Backpropagation is simply a combination of chain rule applications. Observe first that $\frac{\partial J}{\partial W^{(L)}_{ij}}$ is decomposed into
$$
\frac{\partial J}{\partial W^{(L)}_{ij}}
=
\sum_k
\frac{\partial J}{\partial z^{(L)}_k}
\frac{\partial z^{(L)}_k}{\partial W^{(L)}_{ij}}
=
\frac{\partial J}{\partial z^{(L)}_i}
\frac{\partial z^{(L)}_i}{\partial W^{(L)}_{ij}}.
$$
(Note that the summand $\frac{\partial z^{(L)}_k}{\partial W^{(L)}_{ij}}$ cancels out since $z_k^{(L)}$ does not depend on $W^{(L)}_{ij}$.) Note that the above is computable since we know $\frac{\partial J}{\partial z^{(L)}_i}$ and $\frac{\partial z^{(L)}_i}{\partial W^{(L)}_{ij}} = a^{(L-1)}_j $ is the forward activation output.
Derivation.
We generalize this principle to early layers one by one. In particular,
$$
\frac{\partial J}{\partial W^{(l)}_{ij}}
=
\frac{\partial J}{\partial z^{(l)}_i}
\frac{\partial z^{(l)}_i}{\partial W^{(l)}_{ij}}
= \frac{\partial J}{\partial z^{(l)}_i} a^{(l-1)}_j.
\tag{1a}
$$
as
$ z^{(l)}_i = \sum_j W^{(l)}_{ij} a^{(l-1)}_j $. Similarly,
$$
\frac{\partial J}{\partial b^{(l)}_{i}}
= \frac{\partial J}{\partial z^{(l)}_i}.
\tag{1b}
$$
Now, it suffices to obtain $\frac{\partial J}{\partial z^{(l)}_i}$, which is obatined by applying chain rule in the backward direction (hence the name backpropagation); in particular, we have
$$
\frac{\partial J}{\partial z^{(l)}_i}
= \sum_k
\frac{\partial J}{\partial z^{(l+1)}_k}
\frac{\partial z^{(l+1)}_k}{\partial z^{(l)}_i}
\tag{2},
$$
which is
$$
\frac{\partial J}{\partial z^{(l)}_i}
= \sum_k
\frac{\partial J}{\partial z^{(l+1)}_k}
\frac{\partial z^{(l+1)}_k}{\partial a^{(l)}_i}
\frac{\partial a^{(l)}_i}{\partial z^{(l)}_i}
=
\sum_k
\frac{\partial J}{\partial z^{(l+1)}_k}
W^{(l+1)}_{ki} g'(z^{(l)}_i)
$$
as $\frac{\partial z^{(l+1)}_k}{\partial a^{(l)}_i} = W^{(l+1)}_{ki}$ and $\frac{\partial a^{(l)}_i}{\partial z^{(l)}_i} = g'(z^{(l)}_i)$. (Here $g'$ is the derivative of $g$.)
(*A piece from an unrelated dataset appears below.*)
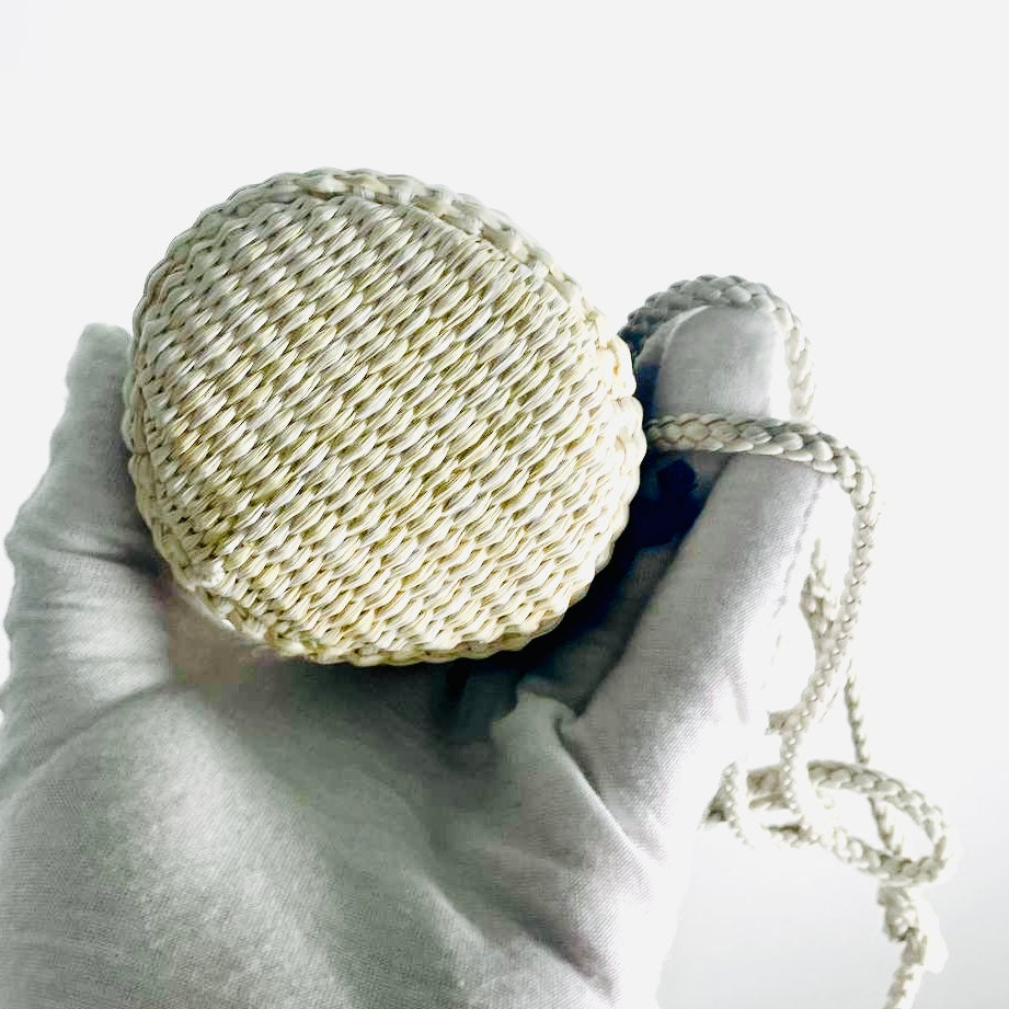 New, kept unused. This has a detachable strap, drawstring closure and central compartment. This measures 7x7x7cm.

In the matrix form, the above equations (1a), (1b), and (2) can be stated as follows:
$$
\nabla_{W^{(l)}} J = \nabla_{z^{(l)}} J \cdot a^{(l-1)T},
\tag{1a-m}
$$
$$
\nabla_{b^{(l)}} J = \nabla_{z^{(l)}} J,
\tag{1a-m}
$$
$$
\nabla_{z^{(l)}} J = (W^{(l+1)T} \cdot \nabla_{z^{(l+1)}} J) \odot g'(z^{(l)})
\tag{2-m}
$$
Here, $\cdot$ is the matrix multiplication, $\odot$ is Hadamard product, and $\nabla_{W^{(l)}} J$ is the matrix that contains $\frac{\partial J}{\partial W^{(L)}_{ij}}$ as its $i$-th row $j$-th column element.